Building discovery services for scientific and scholarly content on top of a semantic data model

This talk provides a summary and reflection on how we think that Semantic Technologies are an effective way to do enterprise metadata management at web scale – essentially, being able to bring some order to the chaos resulting from multiple applications working on similar data domains.

Springer Nature is a leading publisher the Science & Scholarly area, which includes flagship journals like Nature and Scientific American, several titles under the Nature and Nature Reviews brands, plus several other products such as the Springer Book collections, Springer Journals and Springer Corporate Databases. It's a very diversified scenario which includes more than 3000 journals plus of course many other publication types like books, blogs or podcasts.
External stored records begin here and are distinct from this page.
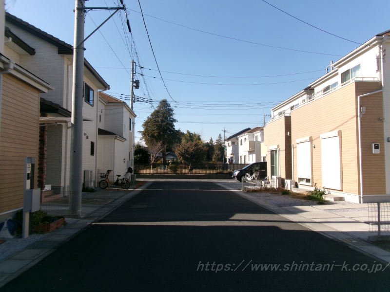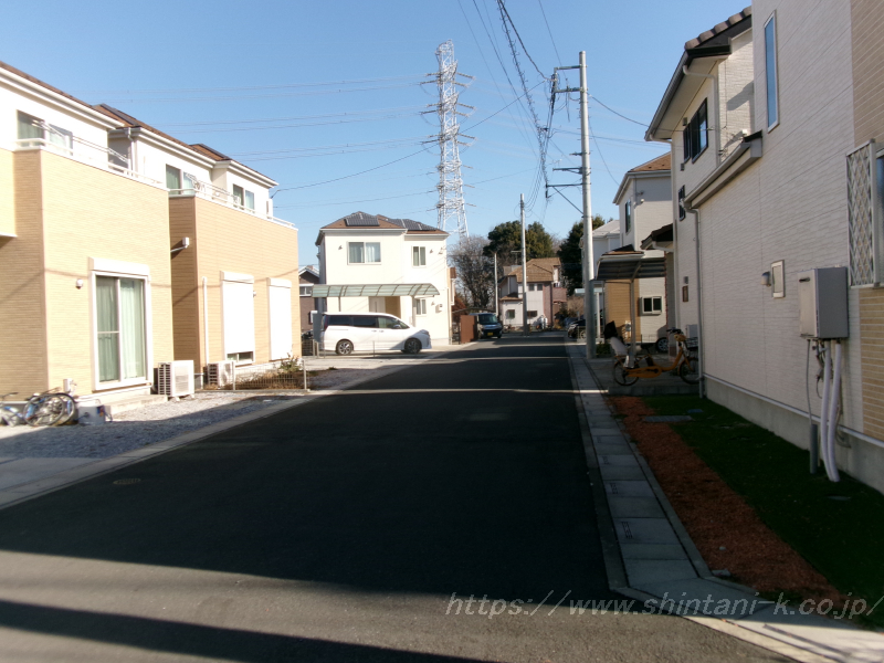 シンタ二、Check!!前面道路は南向き幅員6m、ゆったりとした街並み、陽当たり良好なお家、オール電化住宅です。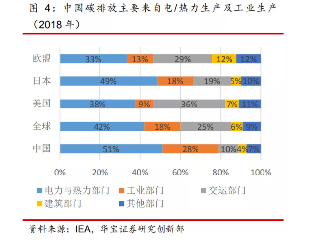 電熱力生產及工業集中用煤、交通領域大量耗油是導致中國碳排放量較大的主因。根據英國BP的2019年數據,中國93%的碳排放來自于化石燃料的使用,其中68% 來自于固體燃料如煤炭,23%來自于液體燃料如石油等,9%來自于氣體燃料如天然氣等。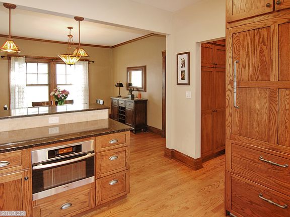 Loaded with charm, this spacious updated 5 bedroom, 2 bath Queen Anne has been beautifully restored with a gourmet kitchen, featuring Miele, Wolf and Subzero Appliances, custom Oak cabinetry breakfast bar, and granite counter tops. The formal living room has a wood burning fireplace, oak crown molding and enters to the fabulous screened in porch. The open floor plan includes a large dining room adjacent to the kitchen providing wonderful entertaining space. Two of the bedrooms are on the main level, one currently being used as an office. The two full bathrooms have been fully updated. The family room/den looks out to the expansive yard and patio. The master bedroom and two additional bedrooms occupy the second floor. A nicely finished rec room in the basement offers additional living space. The unfinished portion of the basement provides plenty of room for storage. The front yard was newly landscaped in 2014 and the home is situated on a quiet tree lined street in walking distance to the Metra train station (only 11 miles to the Chicago Loop), award winning Riverside schools, and the historic downtown.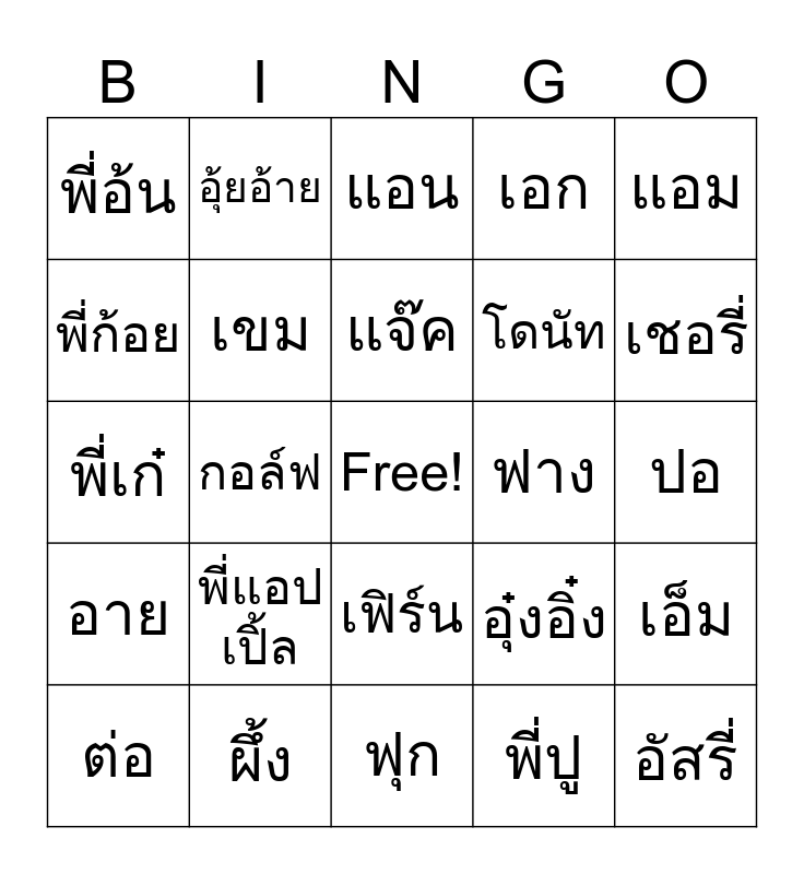 This bingo card has a free space and 34 words: พี่อุ๋ย, พี่ปู, วัน, แบงค์, อาย, เขม, แอม, ต่อ, อุ้ยอ้าย, กิ๊ก, แจ๊ค, แอน, พี่เกศ, พี่เหน่ง, ฟาง, เชอรี่, ผึ้ง, พี่เก๋, พี่แอปเปิ้ล, อุ๋งอิ๋ง, เฟิร์น, อัฐ, พี่อ้น, ปอ, ฟุก, อัสรี่, เอก, กระต่าย, โดนัท, พี่ก้อย, พี่มารถ, กอล์ฟ, เอ็ม and ต๊อบ.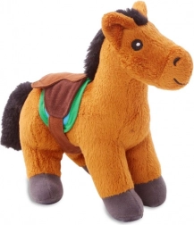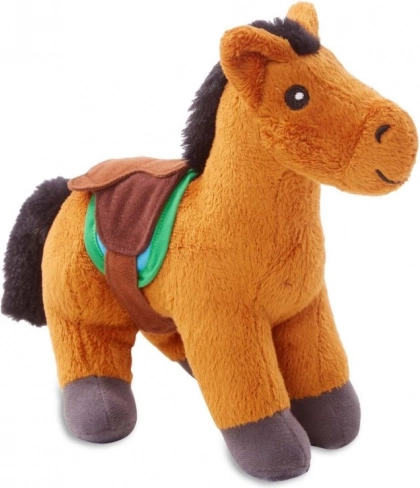 PlišanI konjić s ugodnom površinom, zelenim sedlom i čvrstim detaljima idealan je za maženje i igru.
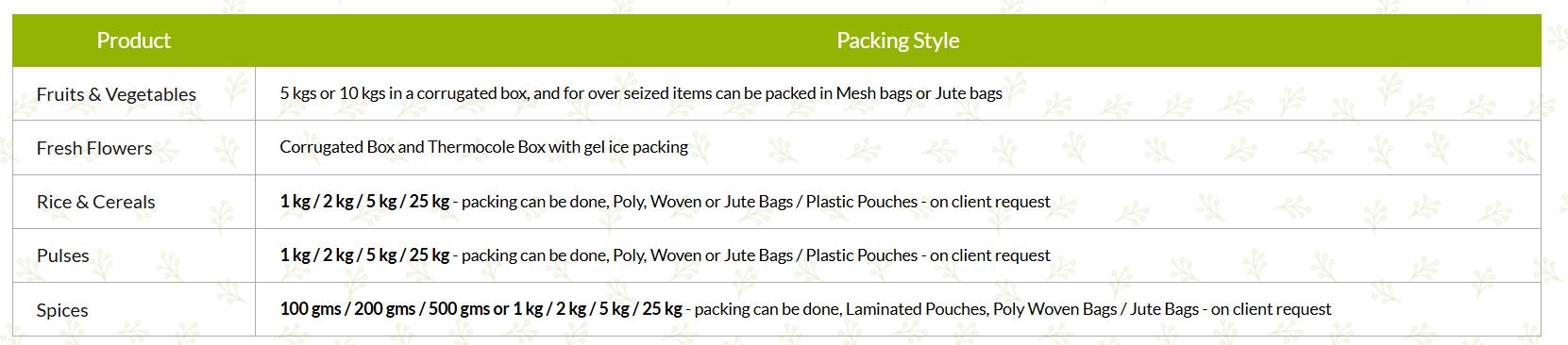 * Palletizing is done for sea shipment on both LCL & FCL.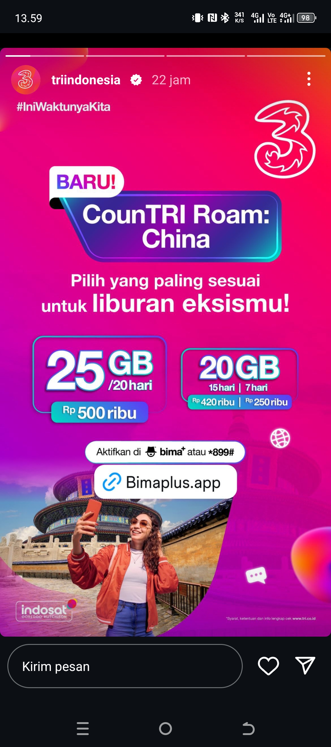 Promo ini tidak hanya menghemat pengeluaran tetapi juga memastikan konektivitas tetap lancar selama di luar negeri. Dengan kuota besar dan harga kompetitif, CountRI Roam menjadi solusi tepat bagi para pelancong. Diharapkan, inisiatif ini dapat memenuhi kebutuhan digital traveler Indonesia di China. Segera manfaatkan promo ini sebelum berangkat agar liburan semakin nyaman dan terhubung dengan keluarga di rumah. (*)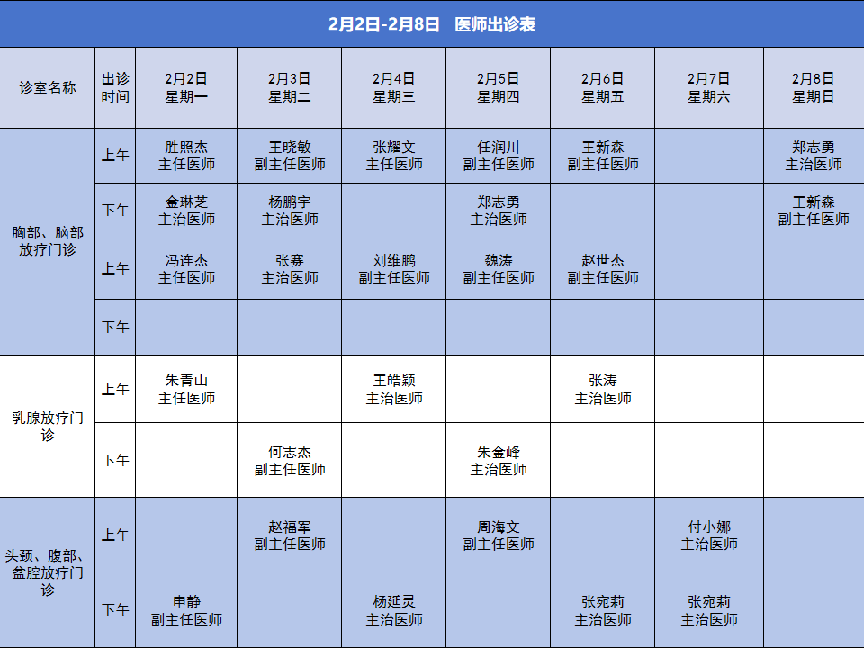 便民服务丨安阳市肿瘤医院2026年2月2日-2月8日门诊出诊信息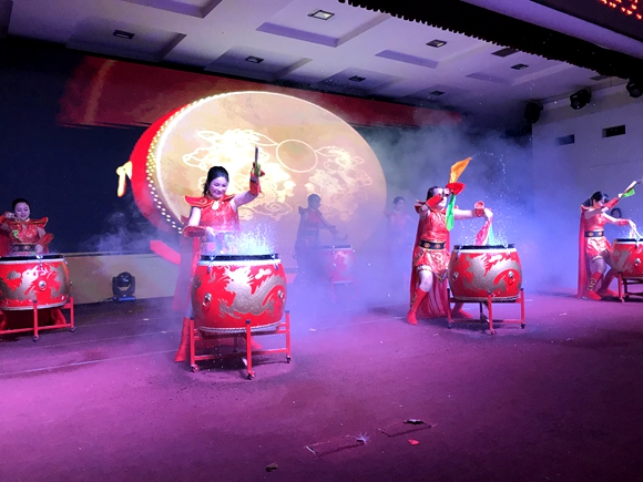 文艺晚会在市传统文化协会带来的水鼓舞《中国龙》中拉开帷幕,“水鼓舞”是苗族人民一种祭祀祖先,祈求风调雨顺与村寨平安的群众舞蹈。振奋人心的舞风和鼓韵,给观众目不暇接的视觉冲击和审美享受。

As a result of the digital revolution and the internet, new products are being created at a much faster rate than it has ever happened before - which has led the company in the last years to recognize the need to develop an integration layer that can bring together data from any of the applications that power the specific products we have on offer. In particular, we need interoperability both at the level of naming conventions - so to facilitate communication within the enterprise when people talk about articles or subject areas - and at a more formal semantic level, via a shared metadata model implemented as a set of ontologies.

To this end, we have been using Semantic and Linked Data technologies since 2012, when we lauched a prototype open platform called Subsequently, we have been working on various other projects including the nature ontologies portal (, 2015) and the springer conferences portal (, 2015). More generally, our focus has increasingly shifted from external data publishing to our internal systems – in particular we aimed at creating an architecture where RDF is core to the publishing workflow as much as XML is. In this talk we would like to provide an overview of this exciting and interesting journey, which is now taking us to the creation of a new platform that combines content, science and people data from across Springer Nature and that will be launched in late 2016.


The challenges and lessons learned we will touch on include:   

  • how to build knowledge models and data architectures which aim at leveraging sem tech within a traditionally XML-based publishing workflow: in other words, how to introduce these new technologies in such a way that the solve real problems without disrupting established workflows?
  • the importance a coherent metadata management and semantic integration solution can have for any enterprise looking at maintaining their competitive advantage in the knowledge society.
  • the value of making available open data to the scientific community (and the larger public), as a way to promote innovation and making it easier for scientists to do reseach. At the same time, the difficulties encountered in getting non data specialists involved with data which are instead encoded using Linked data standards.
  • challenges involved in identifying, indexing and transforming data coming from heterogeneous sources into a flexible yet coherent web-scalable metadata management layer.